Wild guess: You believe fairy tales are true, too!
As always, I am confident Prof. Volokh welcomes your sycophantic, slobbering, purely partisan support.
I am so tired of this perpetual dishonesty from university professors. University administrators, and a large number of the professors, support suppression of speech and punishment (not by social shunning, but by university discipline) of unpopular opinions. Then the professors hypocritically turn around and blame the students, piously professing their own commitment to free expression and bemoaning their supposed powerlessness. Who is so stupid as to believe them?
I don't know that she's specifically blaming the students. In the interview she goes on to at least imply that by the time they get to law school they've already been conditioned by environments fostered by the college administrations where they came from.
This is just anecdotally but I don't find it as much within professors writ large, maybe limited to certain fields. It's definitely a stronger thing with administrators and students.

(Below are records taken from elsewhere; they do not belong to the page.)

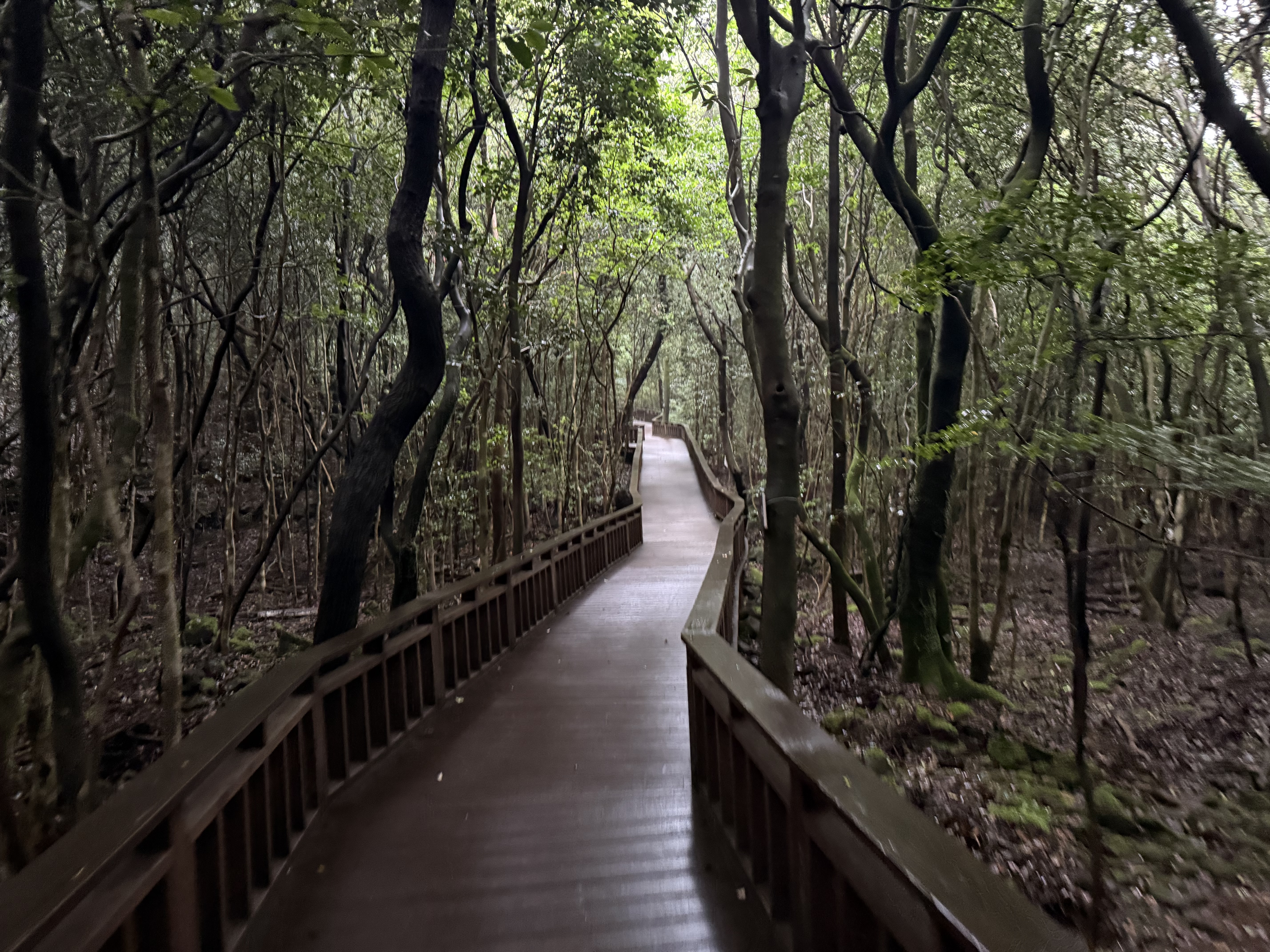 - 가멍오멍 숲길 (왕복 1.9km): '가면서 오면서'라는 뜻의 제주어 이름처럼, 휠체어나 유모차도 편안하게 다닐 수 있는 무장애 숲길입니다. 완만한 경사로 이루어져 있어 가볍게 산책하며 피톤치드를 즐기기에 좋습니다.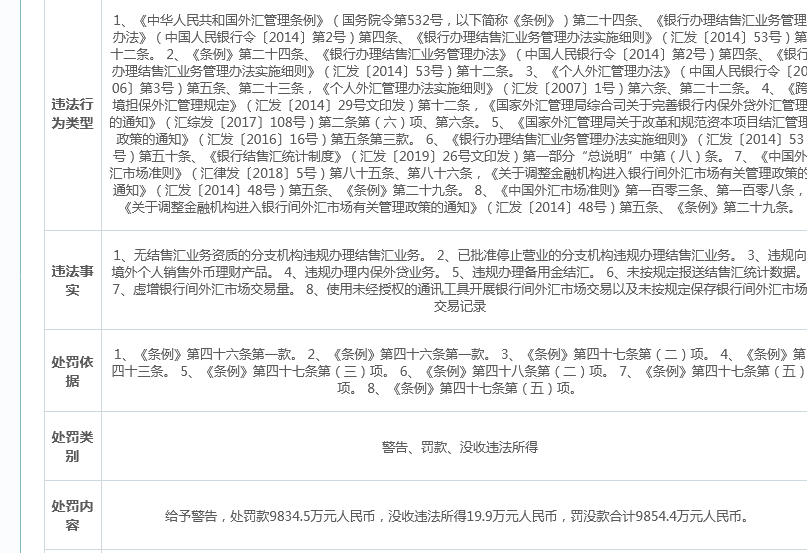 4月28日,国家外汇管理局上海市分局对上海银行开出行政处罚决定书,对该行在结售汇、外币理财、内保外贷、外汇市场交易领域的部分违法违规行为给予警告,处罚款9834.5万元人民币,没收违法所得19.9万元人民币,罚没款合计9854.4万元人民币。同时,该行三名相关责任人被给予警告及罚款。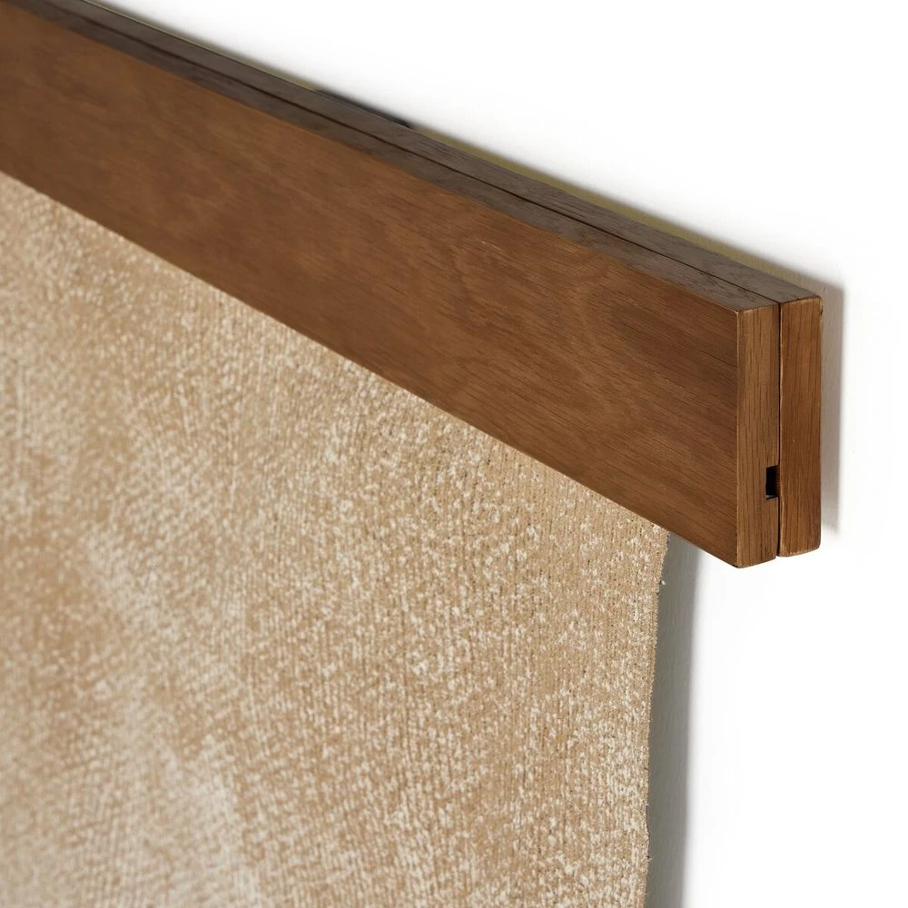 Inspired by the Texas Hill Country, Austin-based artist Aileen Fitzgerald paints atmospheric landscapes reminiscent of early Impressionism with a heavy emphasis on light. One of her most popular pieces is translated into a large-scale tapestry. Woven from a poly/cotton blend with thick oak veneer hanging hardware in a light oak finish. Handmade in Austin, Texas.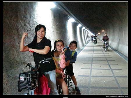 還好感冒還沒完全康復的Ray,沒有因為體力差而半途而廢. 不愛騎車的Ashley也配合著大家的步伐,沒有鬧脾氣. 當我們騎著單車穿越舊草嶺隧道時,在隧道火車的音效下,宛如騎在涼涼的鐵路隧道內,感覺復古又有趣. 如果夏天來騎自行車,肯定暑氣全消,不想離開. 而且裡頭照明充足,行車很安全,好多遊客都是扶老攜幼全家來騎車.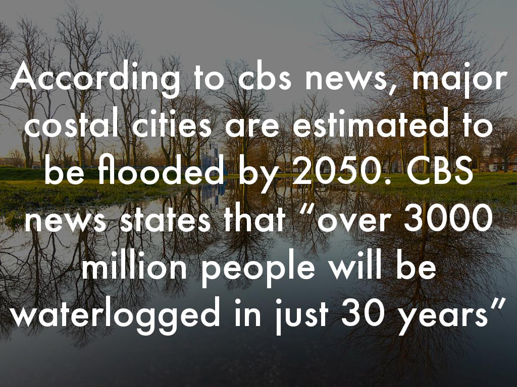 According to cbs news, major costal cities are estimated to be flooded by 2050. CBS news states that “over 3000 million people will be waterlogged in just 30 years”
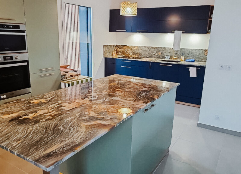 Création d’un îlot central et d’un plan de travail en quartzite Elegant Brown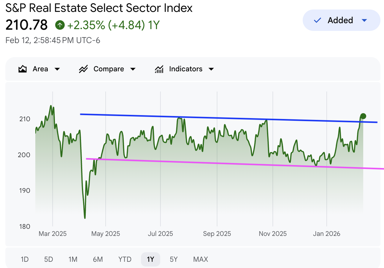 标普房地产指数 (Real Estate):房地产指数在经历长期的底部震荡后,近期试图开启反转行情。虽然目前回落至“生命线”位置,但只要能守住该支撑,则中线上行通道依然有效。目前正处于突破后的二次确认阶段,关键看后续买盘动能能否持续释放。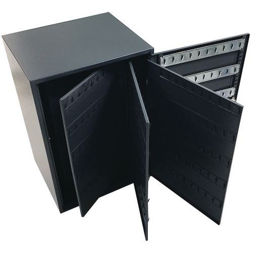 - Velkokapacitní kovová schránka v hranatém provedení pro uschování 500 klíčů.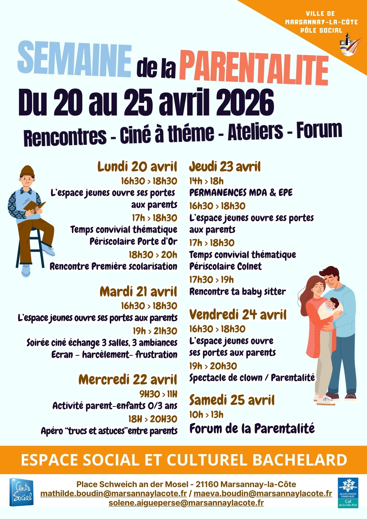 CIO, MDA, P’tit bleu p’tit jaune, PMI, CAF, MILO, EPE, CIDFF,… ils seront là pour présenter leurs missions et vous donner leurs coordonnées en cas de besoin !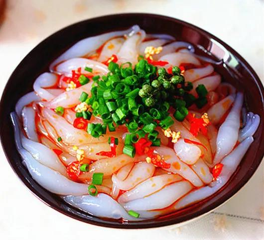 张掖的夏天,不能没有鱼儿粉。虽然在张掖熙熙攘攘的小吃街上各色美食比比皆是,但鱼儿粉一定能在其中占有一席之地。炎热的夏日里它可算得上最开胃的小吃了。用精细的蚕豆淀粉制成,它形似一条条白色小鱼,配上调料、芹菜,吃的时候吸溜一口,连带着汤汁送进嘴巴里,酸酸辣辣,消暑又解腻。

Professors are, again outside of certain fields, by and large still proponents of academic freedom and from that stems many similar views on free speech norms.
Administrators seem almost inherently hostile to it and I don't think it's always an ideological thing as much as it is a fear of the unknown which cuts against their notions of how the university should be run.
I don't believe that for a second. People generally get the government they deserve, and faculty members absolutely get the administration they want and deserve. Let's give Prof. Gersen (and the Conspirators, FWIW) a test: let's have each of them write letters to every professional board on which Dean Cosgrove sits, demanding that she be removed because of her abuse of power, mistreatment of students, and trampling of free expression. You know and I know, no law professor has that kind of courage or commitment.
" faculty members absolutely get the administration they want and deserve "
Is that comment applicable to nonsense-teaching, censorship-shackled, dogma-enforcing, fourth-tier, conservative-controlled campuses . . . or, in particular, to the bottom-scraping diploma mills such as South Texas College Of Law Houston?
Being a woke-emulator surrounded by wokesters, I can speak to this chilling effect. I don't even have any "controversial" opinions! There's just a lot I don't say, because I know that it's just slightly outside the narrow band of acceptable opinion in my circles.
I was going to offer some examples, but I'm even terrified of saying anything too specific, for fear that it could be traced back to me somehow.
Woke-norms like "mansplaining" awareness, pronoun regulation, even a lot of accepted opinion on COVID restrictions - these are being used to create a new form of power. You either abide by the rules and have power, or you don't and are ejected.
I don't mean, in the sense of, "Government is using these things to control our lives." I mean more in the sense of, "the unproductive busybodies with no sense of proportion or value are using these norms to shut those of us with actual things to do down."